Nickel Column Protein Purification Protocol
Nickel affinity column chromatography, also known as immobilized metal affinity chromatography (IMAC), is a common method for purifying recombinant proteins that are engineered to have a hexahistidine tag (6xHis tag) at one end.

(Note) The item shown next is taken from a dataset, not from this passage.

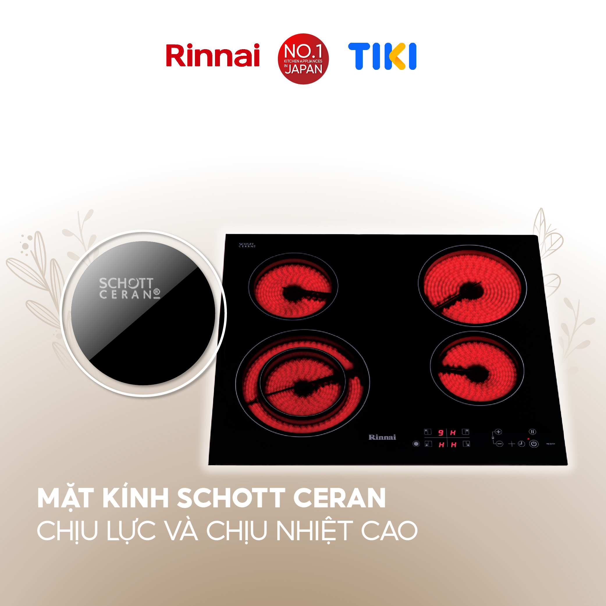 Bếp hồng ngoại Rinnai RB-E41HV mặt kính Schott 6000W - Hàng chính hãng.

Here’s a general protocol:
Materials and Reagents:
1. Cell culture expressing your His-tagged protein of interest
2. Lysis buffer: 50 mM NaH2PO4, 300 mM NaCl, 10 mM imidazole, pH 8.0
3. Wash buffer: 50 mM NaH2PO4, 300 mM NaCl, 20 mM imidazole, pH 8.0
4. Elution buffer: 50 mM NaH2PO4, 300 mM NaCl, 250 mM imidazole, pH 8.0
5. Ni-NTA agarose or similar nickel-affinity resin
1. Collect cells from culture and lyse them in the lysis buffer to release the proteins.
2. Purify the cell lysate by centrifugation.
3. Add Ni-NTA agarose to the clarifed cell lysate and incubate at 4°C for 1-2 hours to allow the binding of His-tagged proteins to Ni-NTA resin.
4. Transfer the resin-lysate mixture to column and let the lysate flow through.
5. Wash the column with wash buffer to remove unbound proteins.
6. Elute the bound proteins with elution buffer.
Please note that this is a general protocol and the specifics can vary depending upon the characteristics of your protein of interest, such as stability, tendency to aggregate, etc. Always carefully design and optimize the purification method to suit your protein of interest. Also, be sure to follow any specific guidelines provided by the manufacturer on the use and care of the nickel-affinity resin.